Stored items
Content starts

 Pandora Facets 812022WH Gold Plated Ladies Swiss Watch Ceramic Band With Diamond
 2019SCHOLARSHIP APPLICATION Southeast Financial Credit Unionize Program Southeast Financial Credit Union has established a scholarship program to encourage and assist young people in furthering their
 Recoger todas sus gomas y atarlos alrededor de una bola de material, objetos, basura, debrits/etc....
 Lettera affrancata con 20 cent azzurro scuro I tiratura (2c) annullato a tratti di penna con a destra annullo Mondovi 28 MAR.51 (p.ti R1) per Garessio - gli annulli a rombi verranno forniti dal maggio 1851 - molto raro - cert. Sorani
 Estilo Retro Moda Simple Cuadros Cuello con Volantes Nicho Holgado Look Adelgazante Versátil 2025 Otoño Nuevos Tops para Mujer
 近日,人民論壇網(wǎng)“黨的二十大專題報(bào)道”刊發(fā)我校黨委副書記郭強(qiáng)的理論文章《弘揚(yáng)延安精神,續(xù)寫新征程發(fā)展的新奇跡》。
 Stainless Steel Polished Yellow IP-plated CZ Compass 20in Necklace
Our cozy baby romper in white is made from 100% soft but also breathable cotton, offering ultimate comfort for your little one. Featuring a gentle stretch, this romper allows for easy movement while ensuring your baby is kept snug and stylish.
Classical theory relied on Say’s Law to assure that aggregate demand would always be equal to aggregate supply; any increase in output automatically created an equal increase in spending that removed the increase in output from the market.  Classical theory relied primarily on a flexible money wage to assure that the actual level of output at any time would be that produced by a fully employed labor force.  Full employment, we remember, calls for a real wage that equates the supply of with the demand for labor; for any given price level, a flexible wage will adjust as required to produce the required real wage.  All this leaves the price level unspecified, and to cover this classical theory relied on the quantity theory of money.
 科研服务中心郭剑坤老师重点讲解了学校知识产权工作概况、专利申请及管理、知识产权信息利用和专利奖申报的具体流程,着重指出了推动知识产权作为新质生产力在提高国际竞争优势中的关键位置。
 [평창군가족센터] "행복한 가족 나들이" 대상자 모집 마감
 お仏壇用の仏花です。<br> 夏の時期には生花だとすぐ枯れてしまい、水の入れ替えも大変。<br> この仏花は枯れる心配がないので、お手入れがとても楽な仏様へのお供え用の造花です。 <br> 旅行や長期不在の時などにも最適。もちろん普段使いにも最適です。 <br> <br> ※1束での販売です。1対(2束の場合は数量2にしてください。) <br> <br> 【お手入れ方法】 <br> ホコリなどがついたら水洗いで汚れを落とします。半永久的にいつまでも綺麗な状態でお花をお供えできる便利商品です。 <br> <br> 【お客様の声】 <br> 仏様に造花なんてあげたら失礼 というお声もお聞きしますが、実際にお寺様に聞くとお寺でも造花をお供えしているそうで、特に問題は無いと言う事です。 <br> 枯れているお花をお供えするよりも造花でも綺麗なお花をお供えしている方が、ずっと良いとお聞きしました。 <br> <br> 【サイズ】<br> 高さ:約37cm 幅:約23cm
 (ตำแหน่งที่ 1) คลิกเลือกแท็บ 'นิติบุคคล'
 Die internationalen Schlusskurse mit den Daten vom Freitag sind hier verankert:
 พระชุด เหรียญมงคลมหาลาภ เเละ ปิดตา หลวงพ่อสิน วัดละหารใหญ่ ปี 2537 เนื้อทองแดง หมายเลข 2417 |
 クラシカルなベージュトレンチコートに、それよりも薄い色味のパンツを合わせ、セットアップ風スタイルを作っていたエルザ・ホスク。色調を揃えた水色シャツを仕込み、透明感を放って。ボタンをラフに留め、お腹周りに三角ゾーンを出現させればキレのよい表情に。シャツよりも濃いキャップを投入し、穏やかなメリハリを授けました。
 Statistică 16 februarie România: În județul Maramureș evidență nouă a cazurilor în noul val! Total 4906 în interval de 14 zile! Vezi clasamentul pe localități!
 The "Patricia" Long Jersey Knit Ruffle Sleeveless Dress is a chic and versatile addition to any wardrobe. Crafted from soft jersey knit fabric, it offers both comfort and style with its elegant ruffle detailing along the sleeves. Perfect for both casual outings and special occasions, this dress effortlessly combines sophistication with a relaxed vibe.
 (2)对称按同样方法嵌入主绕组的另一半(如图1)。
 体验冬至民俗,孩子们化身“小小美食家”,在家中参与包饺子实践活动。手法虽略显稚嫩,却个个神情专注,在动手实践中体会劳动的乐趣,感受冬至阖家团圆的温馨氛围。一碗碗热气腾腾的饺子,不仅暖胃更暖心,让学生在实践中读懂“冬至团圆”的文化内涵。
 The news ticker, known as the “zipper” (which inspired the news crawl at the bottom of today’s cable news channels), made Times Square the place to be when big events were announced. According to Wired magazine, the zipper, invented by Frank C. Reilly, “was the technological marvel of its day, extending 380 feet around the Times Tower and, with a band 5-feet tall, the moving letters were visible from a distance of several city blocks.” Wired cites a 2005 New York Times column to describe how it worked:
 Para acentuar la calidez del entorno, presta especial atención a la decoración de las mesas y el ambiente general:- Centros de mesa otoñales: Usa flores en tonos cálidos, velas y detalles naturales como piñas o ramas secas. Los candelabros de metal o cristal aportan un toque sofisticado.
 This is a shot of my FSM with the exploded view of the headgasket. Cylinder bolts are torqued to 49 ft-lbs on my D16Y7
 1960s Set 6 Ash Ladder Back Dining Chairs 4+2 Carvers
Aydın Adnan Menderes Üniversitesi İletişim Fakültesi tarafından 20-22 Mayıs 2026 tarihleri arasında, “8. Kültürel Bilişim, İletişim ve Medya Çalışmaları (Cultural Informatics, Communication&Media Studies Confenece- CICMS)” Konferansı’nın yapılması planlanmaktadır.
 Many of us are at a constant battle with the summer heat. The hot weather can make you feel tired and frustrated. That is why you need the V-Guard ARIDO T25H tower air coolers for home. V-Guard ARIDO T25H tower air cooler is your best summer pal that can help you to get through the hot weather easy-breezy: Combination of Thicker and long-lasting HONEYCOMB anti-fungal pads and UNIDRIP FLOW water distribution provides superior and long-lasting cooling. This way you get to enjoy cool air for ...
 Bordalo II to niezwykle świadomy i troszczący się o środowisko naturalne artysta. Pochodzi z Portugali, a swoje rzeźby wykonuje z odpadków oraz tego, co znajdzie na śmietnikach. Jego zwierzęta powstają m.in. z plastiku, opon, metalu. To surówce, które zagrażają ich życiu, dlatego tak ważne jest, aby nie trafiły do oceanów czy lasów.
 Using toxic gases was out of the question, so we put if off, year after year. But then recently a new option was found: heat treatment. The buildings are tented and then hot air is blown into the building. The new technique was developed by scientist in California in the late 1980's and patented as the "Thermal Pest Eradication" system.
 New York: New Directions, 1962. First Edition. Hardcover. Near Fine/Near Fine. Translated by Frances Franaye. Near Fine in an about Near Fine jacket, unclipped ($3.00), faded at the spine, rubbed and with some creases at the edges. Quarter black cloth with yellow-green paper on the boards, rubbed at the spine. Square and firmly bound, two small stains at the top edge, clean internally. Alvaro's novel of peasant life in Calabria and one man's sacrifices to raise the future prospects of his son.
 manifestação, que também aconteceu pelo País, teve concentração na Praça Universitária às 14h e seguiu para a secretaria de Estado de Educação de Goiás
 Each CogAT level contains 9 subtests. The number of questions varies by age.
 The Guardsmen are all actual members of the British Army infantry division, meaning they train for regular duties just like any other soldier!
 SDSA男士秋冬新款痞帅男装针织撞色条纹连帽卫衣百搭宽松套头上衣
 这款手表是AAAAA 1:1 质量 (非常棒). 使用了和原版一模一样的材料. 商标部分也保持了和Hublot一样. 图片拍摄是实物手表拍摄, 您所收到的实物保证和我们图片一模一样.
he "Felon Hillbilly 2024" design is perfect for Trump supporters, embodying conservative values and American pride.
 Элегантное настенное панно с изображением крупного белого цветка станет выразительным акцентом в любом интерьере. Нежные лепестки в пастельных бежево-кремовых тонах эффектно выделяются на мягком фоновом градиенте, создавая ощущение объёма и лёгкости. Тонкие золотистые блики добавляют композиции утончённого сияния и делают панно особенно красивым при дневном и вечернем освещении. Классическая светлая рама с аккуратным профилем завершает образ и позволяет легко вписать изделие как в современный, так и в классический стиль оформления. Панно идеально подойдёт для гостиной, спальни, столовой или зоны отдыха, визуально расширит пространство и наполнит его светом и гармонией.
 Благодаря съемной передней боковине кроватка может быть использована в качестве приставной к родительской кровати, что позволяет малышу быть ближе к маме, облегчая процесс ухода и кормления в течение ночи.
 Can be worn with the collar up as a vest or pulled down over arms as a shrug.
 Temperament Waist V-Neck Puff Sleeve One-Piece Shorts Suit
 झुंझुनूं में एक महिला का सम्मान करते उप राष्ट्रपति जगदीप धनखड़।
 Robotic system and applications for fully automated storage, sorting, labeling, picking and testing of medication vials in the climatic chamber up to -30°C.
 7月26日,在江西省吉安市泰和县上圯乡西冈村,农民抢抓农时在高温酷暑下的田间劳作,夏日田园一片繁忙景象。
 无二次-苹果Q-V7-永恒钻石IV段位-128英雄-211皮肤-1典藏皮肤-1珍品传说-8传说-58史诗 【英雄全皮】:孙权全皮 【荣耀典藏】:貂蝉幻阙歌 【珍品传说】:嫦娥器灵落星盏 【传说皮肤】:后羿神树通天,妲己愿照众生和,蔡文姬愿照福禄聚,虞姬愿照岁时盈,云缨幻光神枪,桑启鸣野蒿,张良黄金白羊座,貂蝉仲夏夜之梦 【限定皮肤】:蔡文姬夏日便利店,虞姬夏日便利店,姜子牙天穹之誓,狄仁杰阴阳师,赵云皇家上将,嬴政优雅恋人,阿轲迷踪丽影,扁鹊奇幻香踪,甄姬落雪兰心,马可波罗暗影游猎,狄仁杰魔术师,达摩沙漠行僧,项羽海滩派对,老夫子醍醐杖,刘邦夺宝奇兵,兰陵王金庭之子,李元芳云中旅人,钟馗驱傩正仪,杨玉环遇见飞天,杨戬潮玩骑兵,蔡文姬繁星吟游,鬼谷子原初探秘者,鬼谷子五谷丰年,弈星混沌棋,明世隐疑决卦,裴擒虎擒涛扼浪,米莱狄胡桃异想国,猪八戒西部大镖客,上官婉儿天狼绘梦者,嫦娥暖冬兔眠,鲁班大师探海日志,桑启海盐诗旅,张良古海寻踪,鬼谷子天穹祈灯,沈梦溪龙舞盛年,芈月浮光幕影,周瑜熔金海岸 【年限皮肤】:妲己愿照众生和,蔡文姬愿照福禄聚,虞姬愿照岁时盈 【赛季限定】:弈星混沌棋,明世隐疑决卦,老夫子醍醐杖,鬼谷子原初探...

Content ends

## DIRECTIONS
All that belongs in your answer is the stretch of entries above from the line with "Temperament Waist V-Neck" through the line with "7月26日,在江西省吉安市泰", printed exactly.

## WRITTEN SOLUTION
 Temperament Waist V-Neck Puff Sleeve One-Piece Shorts Suit
 झुंझुनूं में एक महिला का सम्मान करते उप राष्ट्रपति जगदीप धनखड़।
 Robotic system and applications for fully automated storage, sorting, labeling, picking and testing of medication vials in the climatic chamber up to -30°C.
 7月26日,在江西省吉安市泰和县上圯乡西冈村,农民抢抓农时在高温酷暑下的田间劳作,夏日田园一片繁忙景象。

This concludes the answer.